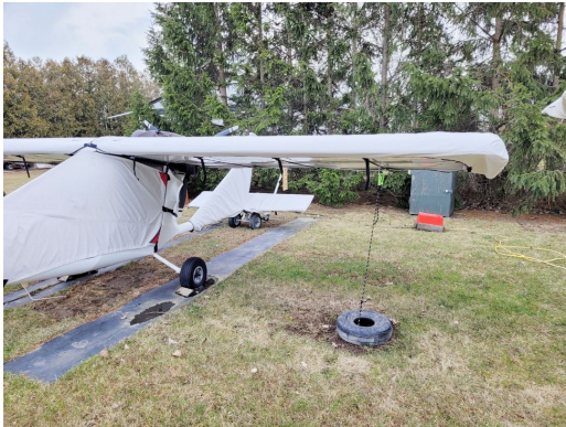
Titan Tornado Canopy/Nose, Wings & Empennage Cover

WINTER USE MATERIAL - Made with Solution-Dyed Polyester fabric, this option is intended for seasonal use to aid in deicing, rain mitigation, or for occasional travel. The material is lighter and more compact, but more susceptible to UV damage and may have a shorter useful life if used continuously outside than the all-year use material.
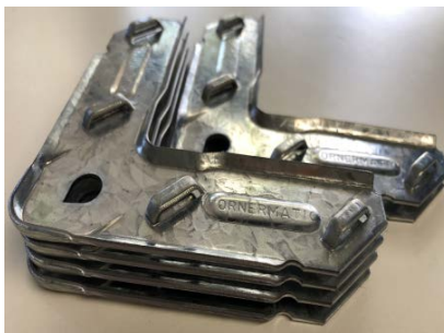
EZ Cornermatic TDC Strapack® Code #1240/EZctnTDFcornermatic 80 per Strapack®
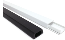
2' Wire Raceway

NMPKA-RECBZ Bronze NMPKA-RECC Chrome NMPKA-RECW White Used to mount puck light recessed and flush
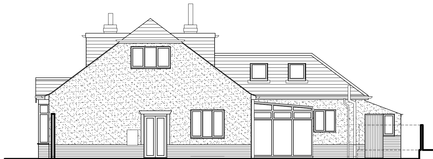
North (side) elevation
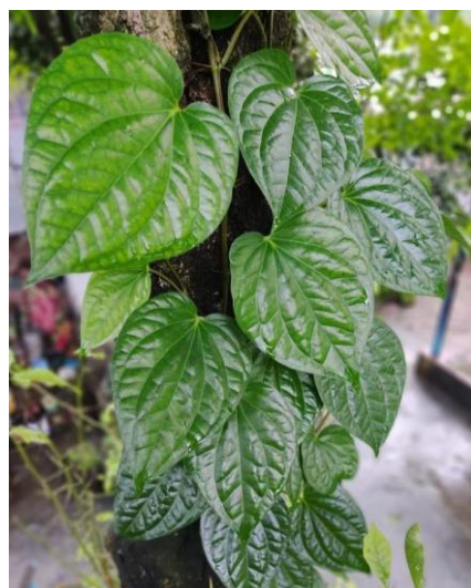
Figure 31. Piper betle .
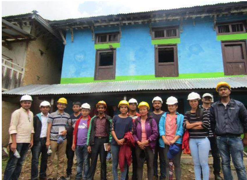
Engineers being trained on retrofit type design, in front of a retrofitted house in Bethanchok during a practical session.

Demonstration Houses, Arupokhari, Gorkha: as part of CRS Nepal's reconstruction and recovery programme a demonstration house has been constructed in each of the wards in Arupokhari VDC. CRS Nepal have found that 70% of households have replicated the demonstration houses when constructing their own homes which therefore now include earthquake resilient measures and meet compliance requirements.
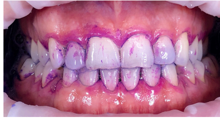
Figure 2: Disclose - the second step of GBT

We also discussed whitening options. The patient was told that a dental hygienist can only perform whitening under the prescription of a dentist and that a check-up would be required.
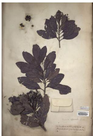
▲ Allspice tree ( Pimenta dioica ), Sloane Herbarium, collected 1687–89, ID 814 © The Natural History Museum, London

Hans Sloane wrote about the use of allspice leaves, commonly called pimento, to treat swollen legs:
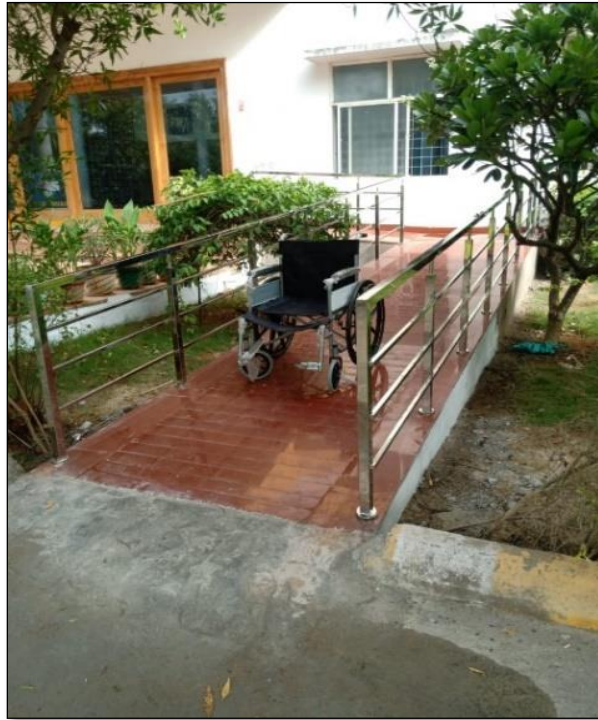
Ramp Facility with Rails

Required action →
I would like you to retype exactly the lines running from the one containing "2' Wire Raceway" to the last line of the entries, both included, leaving all pictures out.

Finished exercise →
2' Wire Raceway

NMPKA-RECBZ Bronze NMPKA-RECC Chrome NMPKA-RECW White Used to mount puck light recessed and flush
North (side) elevation
Figure 31. Piper betle .
Engineers being trained on retrofit type design, in front of a retrofitted house in Bethanchok during a practical session.

Demonstration Houses, Arupokhari, Gorkha: as part of CRS Nepal's reconstruction and recovery programme a demonstration house has been constructed in each of the wards in Arupokhari VDC. CRS Nepal have found that 70% of households have replicated the demonstration houses when constructing their own homes which therefore now include earthquake resilient measures and meet compliance requirements.
Figure 2: Disclose - the second step of GBT

We also discussed whitening options. The patient was told that a dental hygienist can only perform whitening under the prescription of a dentist and that a check-up would be required.
▲ Allspice tree ( Pimenta dioica ), Sloane Herbarium, collected 1687–89, ID 814 © The Natural History Museum, London

Hans Sloane wrote about the use of allspice leaves, commonly called pimento, to treat swollen legs:
Ramp Facility with Rails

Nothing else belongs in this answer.